2. The information processing apparatus according to claim 1 , further comprising a plurality of the controllers, wherein:
each controller further comprises a transmitter that transmits the log data obtained by the information obtainer to another controller included in the plurality of controllers; and
the other controller comprises a second storing processor that stores the log data transmitted from the transmitter into a second storing device.
3. The information processing apparatus according to claim 2 , wherein the transmitter transmits the log data to the other controller after the processor is established to be in a disable state.
4. The information processing apparatus according to claim 2 , wherein the controller further comprises a restarting processor that restarts the processor and the device after the transmitter transmits the log data to the other controller.
5. The information processing apparatus according to claim 1 , wherein the controller repeats the obtaining of the log data by the information obtainer and the storing of the log data by the first storing processor at a plurality of timings.

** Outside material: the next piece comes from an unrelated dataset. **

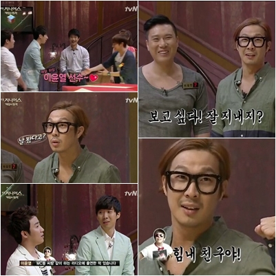 이날 방송에서 홍진호는 자신의 절친으로 전 프로게이머 이윤열을 데리고 왔고 인피니트 성규는 “이윤열 선수. 저희 누나가 진짜 팬이었다”며 달려가 악수를 청했다.
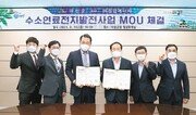 경북 의성군에 대규모의 수소연료전지발전소가 들어선다. 의성군과 ㈜청암에너지는 10일 군청 회의실에서 김주수 군수와 장진출 청암에너지 대표가 참석한 가운데 수소연료전지발전 사업을 위한 투자양해각서(MOU)를 체결했다. 이에 따라 청암에너지는 3000억 원을 투자해 2024년까지 의성읍 철파리 일원에 수소연료전지발전소와 송전선로, 온수공급관로를 건립할 예정이다. 이 사업이 완료되면 연간 39.6MW의 전기를 생산한다. 지역 내 1만5000여 가구가 사용할 수 있는 규모다. 장 대표는 “전기 발전 과정에서 수소와 산소가 결합해 따뜻한 물을 생산할 수 있다. 생산한 온수를 주변 지역에 공급하면 주민들이 난방비 절감 효과 등의 혜택을 얻을 것”이라고 말했다. 김 군수는 “정부의 그린뉴딜 정책을 선도하는 지방자치단체가 되도록 노력할 것”이라며 “생태 환경을 보호하면서 도시가 성장할 수 있는 지속가능한 발전에 앞장서겠다”고 말했다.명민준 기자 mmj86@donga.com}

6. The information processing apparatus according to claim 5 , wherein:
the controller has a plurality of recovery functions of executing a plurality of processes including non-maskable interrupt, software reset, and hardware reset; and
the plurality of timings are timings of executing the plurality of processes.
7. A controller communicably connected to a device to be monitored, the controller comprising:
a monitor that monitors an occurrence of a failure in a processor;
an information obtainer that obtains, when the monitor detects the occurrence of the failure, log data from the device; and
a first storing processor that stores the log data obtained by the information obtainer into a first storing device.
8. The controller according to claim 7 , further comprising a transmitter that transmits the log data obtained by the information obtainer to another controller communicably connected to the controller.
9. The controller according to claim 8 , wherein the transmitter transmits the log data to the other controller after the processor is established to be in a disable state.
10. The controller according to claim 8 , further comprising a restarting processor that restarts the processor and the device after the transmitter transmits the log data to the other controller.
11. The controller according to claim 7 , wherein the controller repeats the obtaining of the log data by the information obtainer and the storing of the log data by the first storing processor at a plurality of timings.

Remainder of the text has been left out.